Jun 21, 2012
neil

Should Christians avoid paying taxes

I enjoyed a twitter debate earlier today with a couple of friends on the issue of whether Christians should avoid paying taxes. Here’s my   conclusion:

Should Christians avoid paying tax?

It really depends on what we mean by avoid. In some senses the answer is ‘yes’ in others ‘no’.

1. Yes because the government encourages us to pay less tax by, for example, offering tax-breaks to encourage us to save for retirement through personal pensions and tax-free savings investments such as ISAs.

2. Yes because it raises more money for gospel work.
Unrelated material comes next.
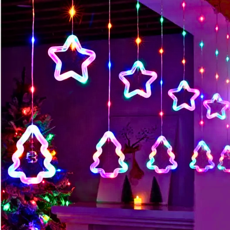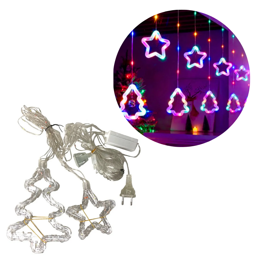 Pisca Cortina Cascata LED Colorido Estrela e Arvore Natalina Bivolt

For every pound we give to the church the Government gives back the tax!

3. Yes where expenses are legitimately incurred that are tax deductible

4. No where an unintended tax loop-hole is being exploited to avoid paying tax especially if this is being aggressively exploited to avoid paying any tax.

5. No where we simply don’t like the way our taxes are being spent.

What did Jesus mean when he said “Give to Caesar what is Caesar’s, and to God what is God’s.” in Matthew 22:21?

R.T. France notes that the verb Jesus chooses to use for ‘to give’ is the verb ‘give back’ apodote in v.21b.  It is a different verb from the one his accusers use in v.17.

Jesus’ word ‘give back’ ‘indicates either the return of something borrowed or the payment of what is due. The tax is thus presented not as an arbitrary imposition but as due payment for the benefits received from the imperial government, which they have acknowledged by using the imperial currency.

Craig Blomberg makes the same point about Jesus’ choice of the verb ‘give back’ and his conclusion is that according to Jesus’ teaching  ‘Reasonable taxation is a legitimate function for all governments, even totalitarian regimes; how much more so with more democratic governments!

What does it mean for the Christian to recognise that the state is a servant of God?

It must mean being a dutiful citizen as part of our worship of God. Blomberg argues that Jesus’ teaching makes clear that ‘Christians who avoid taxes, or who avoid paying the full amount of their taxes,sin against God even just as surely as in more obvious ‘moral’ arenas.’

For Montegomery Boice ‘they should obey the speed limits, pay their taxes honestly…’

For the Christian is there then a fundamental distinction between tax avoidance (where unintended but legal loop-holes are exploited) and tax evasion?

It seems to me therefore that Jesus would say (and see also Romans 13:1-7, 1 Peter 2:13-17) a deliberate attempt to get around the law and avoid paying taxes –even through legal means – is sinful because it is immoral for two reasons. It is a failure to love God who has put government in place for our good. It is a failure to love our neighbour who has to meet the shortfall in tax created by my dodge.

A deliberate attempt to evade paying taxes – through illegal means – is both a crime against the state and a sin against God.